● **The data**:
════════════════════

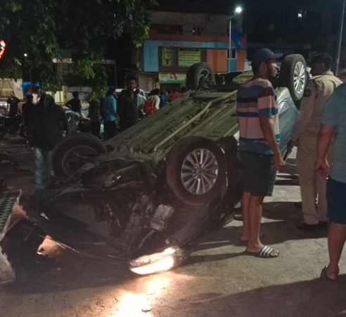 મણીનગર વિસ્તારમાં જવાહર ચોક પાસે પ્રભુ એપાર્ટમેન્ટ સામે ગઈકાલે રાત્રે કારચાલકે સ્ટિયરિંગ પરથી કાબુ ગુમાવતા કાર પલટી મારી ગઈ હતી અને બાંકડા સાથે અથડાઈ હતી. જોકે, આ બાંકડા પર બેસેલા ત્રણ વ્યક્તિઓએ સમયસૂચકતા વાપરીને પોતાનો જીવ બચાવ્યો હતો. આ અકસ્માતની ઘટનામાં કાર ચાલકને પહોંચી ઈજા પહોંચી હતી અને તે નશામાં ધૂત હોવાનું સામે આવ્યું હતું.
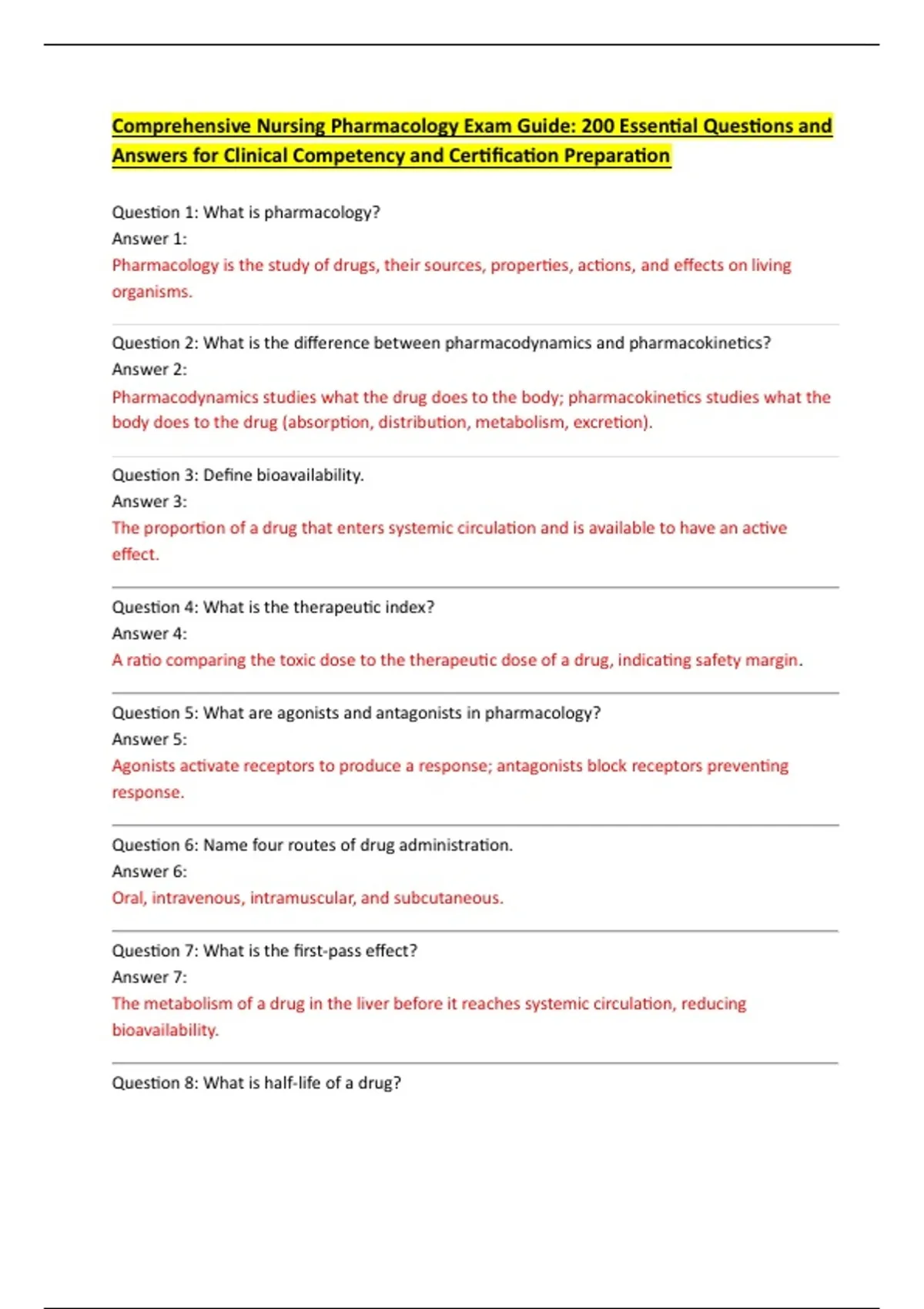Comprehensive Nursing Pharmacology Exam Guide: 200 Essential Questions and
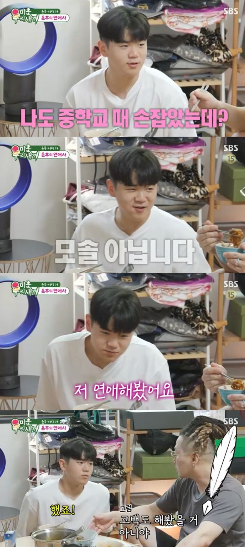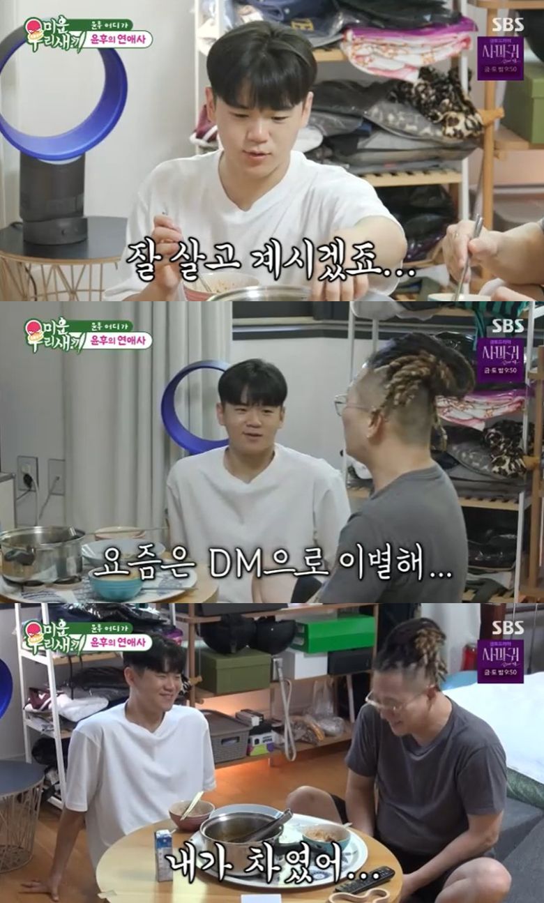윤후는 "헤어질 때는 메시지로. DM(다이렉트 메시지)으로 했다. 내가 헤어지자고 안했다. 내가 차였다"고 마저 고백했다.

════════════════════

● **Problem details**: The result should be the material above, unchanged and free of pictures; please print it.

● **Finished exercise**:
 મણીનગર વિસ્તારમાં જવાહર ચોક પાસે પ્રભુ એપાર્ટમેન્ટ સામે ગઈકાલે રાત્રે કારચાલકે સ્ટિયરિંગ પરથી કાબુ ગુમાવતા કાર પલટી મારી ગઈ હતી અને બાંકડા સાથે અથડાઈ હતી. જોકે, આ બાંકડા પર બેસેલા ત્રણ વ્યક્તિઓએ સમયસૂચકતા વાપરીને પોતાનો જીવ બચાવ્યો હતો. આ અકસ્માતની ઘટનામાં કાર ચાલકને પહોંચી ઈજા પહોંચી હતી અને તે નશામાં ધૂત હોવાનું સામે આવ્યું હતું.
Comprehensive Nursing Pharmacology Exam Guide: 200 Essential Questions and
윤후는 "헤어질 때는 메시지로. DM(다이렉트 메시지)으로 했다. 내가 헤어지자고 안했다. 내가 차였다"고 마저 고백했다.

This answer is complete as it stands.